◆ **THE PROBLEM**:
Go to the line below containing "We’re going superhero" and print exactly from there through the line containing "- Гусєв, А.", both included. Print nothing else.

** Opening DATA block **

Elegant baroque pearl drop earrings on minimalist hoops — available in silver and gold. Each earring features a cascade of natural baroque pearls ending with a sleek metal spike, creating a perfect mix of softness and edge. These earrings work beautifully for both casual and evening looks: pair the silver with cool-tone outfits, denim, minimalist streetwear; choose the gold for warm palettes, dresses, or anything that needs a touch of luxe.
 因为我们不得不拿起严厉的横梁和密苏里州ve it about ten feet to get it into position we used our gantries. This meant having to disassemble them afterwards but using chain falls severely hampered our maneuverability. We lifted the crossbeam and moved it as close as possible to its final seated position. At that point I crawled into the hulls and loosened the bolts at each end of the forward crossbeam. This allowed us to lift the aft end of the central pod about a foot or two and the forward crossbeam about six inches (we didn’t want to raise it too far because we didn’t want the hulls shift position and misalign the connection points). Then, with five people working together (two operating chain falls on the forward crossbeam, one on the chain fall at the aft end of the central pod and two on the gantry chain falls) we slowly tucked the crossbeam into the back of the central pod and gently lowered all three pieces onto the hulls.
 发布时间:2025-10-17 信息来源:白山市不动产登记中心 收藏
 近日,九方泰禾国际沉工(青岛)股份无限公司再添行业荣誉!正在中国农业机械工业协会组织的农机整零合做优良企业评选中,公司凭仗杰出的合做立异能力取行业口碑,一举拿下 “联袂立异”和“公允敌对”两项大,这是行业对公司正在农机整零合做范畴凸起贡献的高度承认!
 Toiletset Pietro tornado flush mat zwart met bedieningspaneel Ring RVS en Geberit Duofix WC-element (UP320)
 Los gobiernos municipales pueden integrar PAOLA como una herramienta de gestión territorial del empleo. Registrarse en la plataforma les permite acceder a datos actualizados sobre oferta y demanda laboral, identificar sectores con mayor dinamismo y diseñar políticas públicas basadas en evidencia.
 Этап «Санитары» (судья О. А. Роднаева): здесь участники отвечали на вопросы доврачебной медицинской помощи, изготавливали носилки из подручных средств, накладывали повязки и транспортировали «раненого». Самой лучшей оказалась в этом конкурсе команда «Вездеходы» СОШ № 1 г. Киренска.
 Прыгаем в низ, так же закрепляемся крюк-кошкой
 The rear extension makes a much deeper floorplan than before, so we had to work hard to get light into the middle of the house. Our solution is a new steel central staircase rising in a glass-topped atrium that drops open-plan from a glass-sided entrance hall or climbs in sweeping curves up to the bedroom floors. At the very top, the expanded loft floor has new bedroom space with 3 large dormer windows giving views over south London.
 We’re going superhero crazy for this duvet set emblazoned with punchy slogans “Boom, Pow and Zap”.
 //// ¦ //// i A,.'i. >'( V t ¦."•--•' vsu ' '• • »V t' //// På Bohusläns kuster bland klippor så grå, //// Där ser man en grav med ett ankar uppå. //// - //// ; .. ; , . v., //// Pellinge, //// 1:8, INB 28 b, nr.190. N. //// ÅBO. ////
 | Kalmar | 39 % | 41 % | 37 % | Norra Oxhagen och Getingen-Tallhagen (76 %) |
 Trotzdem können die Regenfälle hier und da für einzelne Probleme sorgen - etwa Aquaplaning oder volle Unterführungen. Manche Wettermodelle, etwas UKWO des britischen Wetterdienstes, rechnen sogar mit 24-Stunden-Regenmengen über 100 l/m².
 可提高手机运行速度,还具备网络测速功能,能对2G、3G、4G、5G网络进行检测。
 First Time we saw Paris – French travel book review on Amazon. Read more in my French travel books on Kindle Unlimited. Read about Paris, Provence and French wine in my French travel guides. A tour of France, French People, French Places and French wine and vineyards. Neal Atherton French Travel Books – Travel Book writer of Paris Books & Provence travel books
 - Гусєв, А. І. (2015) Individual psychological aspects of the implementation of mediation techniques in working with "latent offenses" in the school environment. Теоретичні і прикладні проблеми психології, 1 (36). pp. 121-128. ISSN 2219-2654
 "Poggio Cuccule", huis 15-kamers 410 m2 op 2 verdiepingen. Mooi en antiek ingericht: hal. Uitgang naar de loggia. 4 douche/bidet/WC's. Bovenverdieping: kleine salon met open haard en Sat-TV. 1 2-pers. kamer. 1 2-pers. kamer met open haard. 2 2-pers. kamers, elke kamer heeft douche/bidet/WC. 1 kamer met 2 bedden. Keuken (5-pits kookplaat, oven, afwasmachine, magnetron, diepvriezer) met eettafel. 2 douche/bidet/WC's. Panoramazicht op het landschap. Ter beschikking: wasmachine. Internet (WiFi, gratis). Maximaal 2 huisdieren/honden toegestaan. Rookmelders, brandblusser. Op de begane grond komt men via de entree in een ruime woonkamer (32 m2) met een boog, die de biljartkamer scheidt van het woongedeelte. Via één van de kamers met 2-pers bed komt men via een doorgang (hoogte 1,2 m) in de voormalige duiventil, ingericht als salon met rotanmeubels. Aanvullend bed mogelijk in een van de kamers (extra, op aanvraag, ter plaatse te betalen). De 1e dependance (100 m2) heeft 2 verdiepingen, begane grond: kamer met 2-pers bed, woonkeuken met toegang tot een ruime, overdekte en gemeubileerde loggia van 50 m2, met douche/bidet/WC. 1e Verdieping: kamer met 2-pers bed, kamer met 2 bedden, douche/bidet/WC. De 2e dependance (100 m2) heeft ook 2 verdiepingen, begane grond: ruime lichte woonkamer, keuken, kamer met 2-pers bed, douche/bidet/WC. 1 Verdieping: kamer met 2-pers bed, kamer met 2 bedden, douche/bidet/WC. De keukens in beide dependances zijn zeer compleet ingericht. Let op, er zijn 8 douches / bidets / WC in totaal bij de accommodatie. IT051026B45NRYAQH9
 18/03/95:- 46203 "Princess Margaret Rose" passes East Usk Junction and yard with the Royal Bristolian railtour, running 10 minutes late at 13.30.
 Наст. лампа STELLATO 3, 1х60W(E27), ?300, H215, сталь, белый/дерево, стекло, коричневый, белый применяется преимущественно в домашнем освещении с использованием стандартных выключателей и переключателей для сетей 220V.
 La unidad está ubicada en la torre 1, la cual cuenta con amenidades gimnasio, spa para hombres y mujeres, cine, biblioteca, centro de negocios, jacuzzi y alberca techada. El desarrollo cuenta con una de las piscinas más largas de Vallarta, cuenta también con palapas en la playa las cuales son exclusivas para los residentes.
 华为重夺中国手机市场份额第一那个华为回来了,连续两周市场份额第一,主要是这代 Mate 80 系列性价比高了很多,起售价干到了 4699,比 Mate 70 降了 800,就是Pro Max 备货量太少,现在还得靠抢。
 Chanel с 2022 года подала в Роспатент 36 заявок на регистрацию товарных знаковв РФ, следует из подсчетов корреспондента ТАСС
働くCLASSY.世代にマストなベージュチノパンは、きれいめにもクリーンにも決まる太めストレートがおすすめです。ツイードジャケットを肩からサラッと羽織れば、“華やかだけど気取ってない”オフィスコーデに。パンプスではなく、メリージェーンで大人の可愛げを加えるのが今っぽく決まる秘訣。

** Closing DATA block **

◆ **ANSWER SECTION**:
 We’re going superhero crazy for this duvet set emblazoned with punchy slogans “Boom, Pow and Zap”.
 //// ¦ //// i A,.'i. >'( V t ¦."•--•' vsu ' '• • »V t' //// På Bohusläns kuster bland klippor så grå, //// Där ser man en grav med ett ankar uppå. //// - //// ; .. ; , . v., //// Pellinge, //// 1:8, INB 28 b, nr.190. N. //// ÅBO. ////
 | Kalmar | 39 % | 41 % | 37 % | Norra Oxhagen och Getingen-Tallhagen (76 %) |
 Trotzdem können die Regenfälle hier und da für einzelne Probleme sorgen - etwa Aquaplaning oder volle Unterführungen. Manche Wettermodelle, etwas UKWO des britischen Wetterdienstes, rechnen sogar mit 24-Stunden-Regenmengen über 100 l/m².
 可提高手机运行速度,还具备网络测速功能,能对2G、3G、4G、5G网络进行检测。
 First Time we saw Paris – French travel book review on Amazon. Read more in my French travel books on Kindle Unlimited. Read about Paris, Provence and French wine in my French travel guides. A tour of France, French People, French Places and French wine and vineyards. Neal Atherton French Travel Books – Travel Book writer of Paris Books & Provence travel books
 - Гусєв, А. І. (2015) Individual psychological aspects of the implementation of mediation techniques in working with "latent offenses" in the school environment. Теоретичні і прикладні проблеми психології, 1 (36). pp. 121-128. ISSN 2219-2654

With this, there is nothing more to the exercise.